At the same time, investment banks are rushing to deduce which way the country's overall economy will grow from here. While Chinese officials briefed reporters in Beijing providing some details about China's plans to build up on its technological advancement, financial markets, and living standards.
According to an analyst report by Goldman Sachs, to achieve an 'around 5% growth rate', more measures are required to ease the pressure so that the demand may start to rise again; fiscal and housing fronts were especially underscored by the report.
The Hang Seng Index fell by 2.03%, or 360.73 points, to close Friday's session at 17,417.68. The Hang Seng China Enterprises Index fell by 2.25%, or 141.76 points, to close at 6,165.04.

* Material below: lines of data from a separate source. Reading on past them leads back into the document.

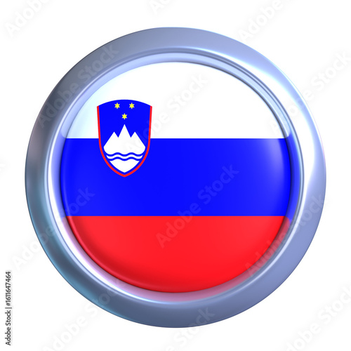 3D Slovenia Flag Emblem with circle metallic frame, showcasing national emblem detail in a polished, modern design. Perfect for apps, UI, or educational use
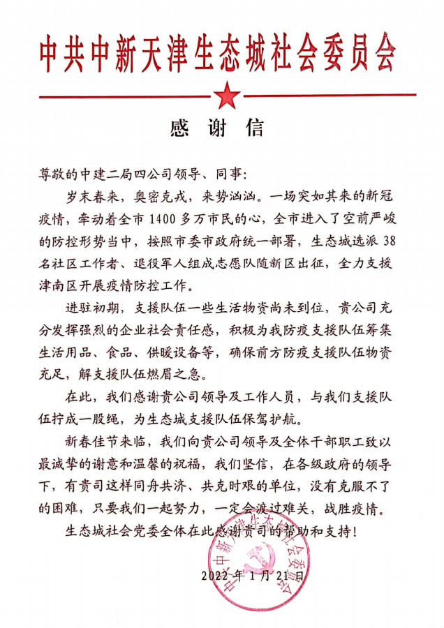 近日,公司收到來自共青團(tuán)天津市濱海新區(qū)委員會和中共中新天津生態(tài)城社區(qū)委員會的表揚(yáng)信,信中對公司積極為疫情防控一線工作者捐贈物資的行為給予了充分肯定和贊揚(yáng)。
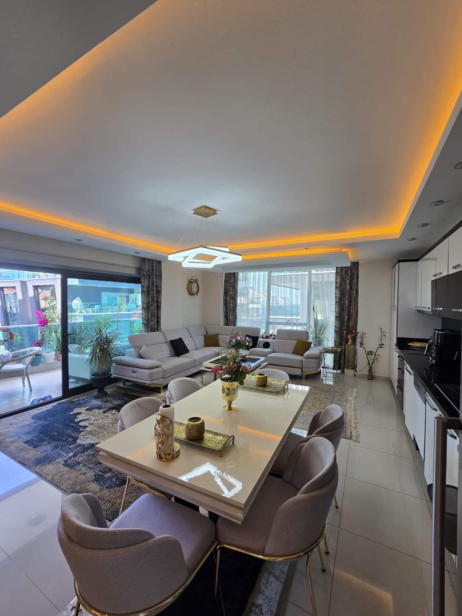 Living Room:A white corner sofa and a modern dining table add a contemporary feel. The ceiling features geometric forms with spotlights that bring character. Large sliding doors open onto a wide balcony where the sea and city view become the highlight. Perfect for summer evenings and social gatherings.
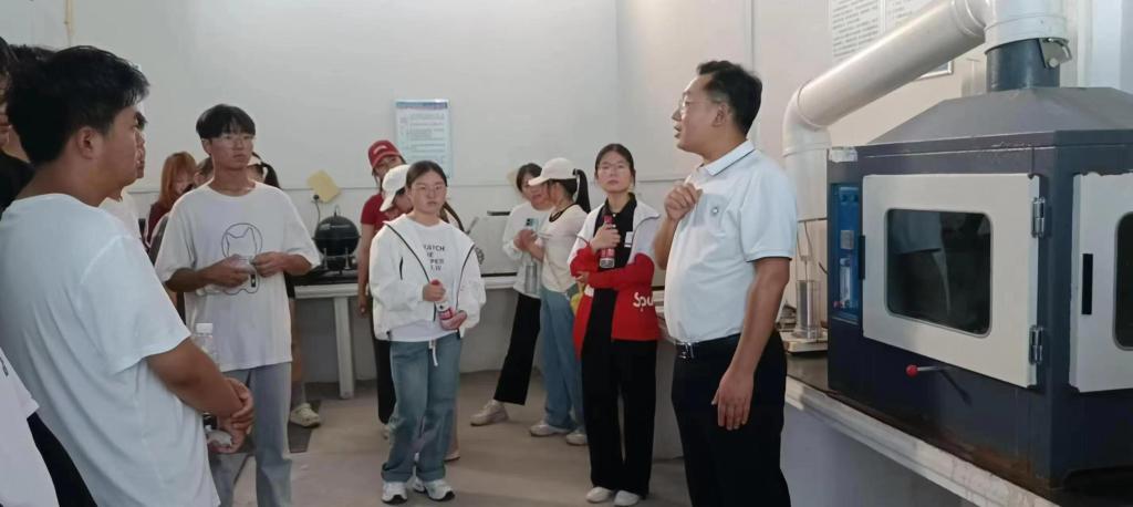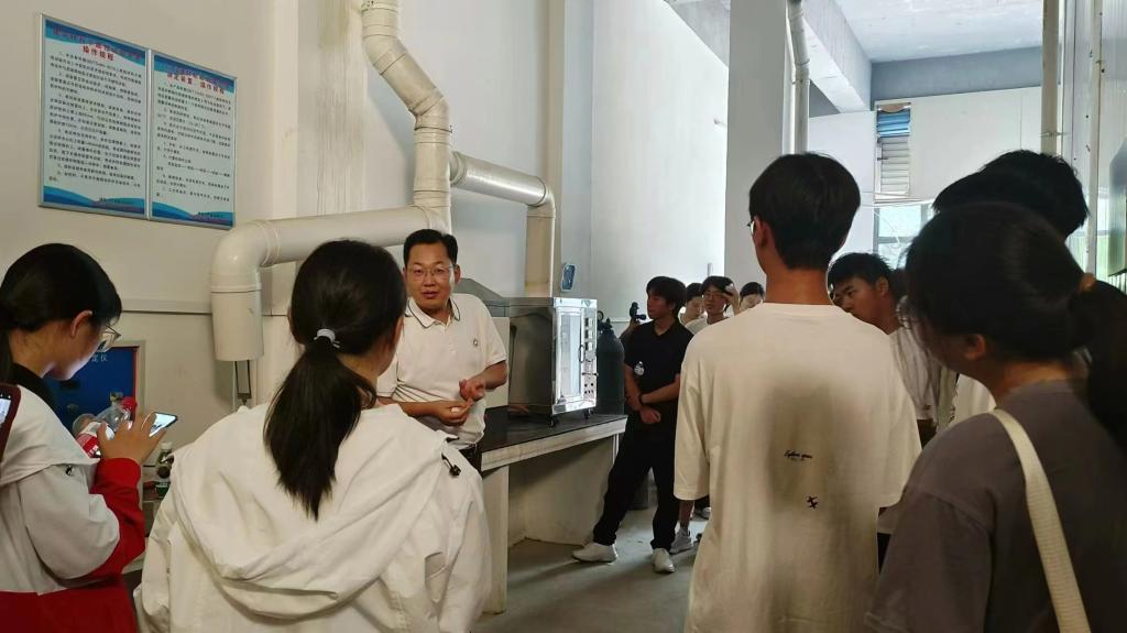 在参观实验室过程中,企业实验室负责人员为学生们详细介绍实验室中各个仪器的使用方法,以及实验室中出现材料的名称和用途,学生们对实验仪器的使用和建筑工程材料有了更加直观的认识。

On the economic front, Hong Kong's seasonally adjusted unemployment rate stood at 3.0% in the second quarter of 2024, unchanged from the March-May figure, a Thursday filing by the Census and Statistics Department said. The unadjusted unemployment rate also stayed the same across the two periods at 1.2%.
A Thursday press release by the Hong Kong Monetary Authority revealed that the Hong Kong government offered HK$25 billion of green bonds under its sustainable bond program. According to the finance secretary Paul Chan, the bond offering is seen to help promote the city's transformation as a green and sustainable finance hub.
On another front, Fitch Ratings said it has kept a neutral sector outlook for all main emerging-market regions in 2024, except for the Middle East and North Africa, with lower inflation and some relief in financial conditions offsetting slightly weaker economic growth and public finance pressures, according to a Wednesday note.
S&P Global Ratings, however, consider the stakes to be high for expanding Asian emerging markets.
In corporate news, Xiaocaiyuan International Holding refiled its documents for an initial public offering on the Hong Kong Stock Exchange on Tuesday. The refining comes as the restaurant chain's IPO lapsed in January, according to a report by the South China Morning Post Thursday.
Kam Hing International Holdings (HKG:2307) unit Kam Hing Piece Works has agreed to sell Vietnam-based unit Great Market Global Viet Nam to Jasan Global for around $10.3 million. The company's shares soared 29% on Friday's close.
China Starch Holdings (HKG:3838) forecasts it will turn to a pre-tax profit of about 350 million yuan in the first half, from a pre-tax loss of about 38.3 million yuan in the year-ago period. The company's shares surged 13% on Friday's close.
China Railway Signal & Communication (HKG:3969, SHA:688009) won five projects in the rail transit market amounting to 1.47 billion yuan from May to June, the company's shares however fell over 1% on Friday's close.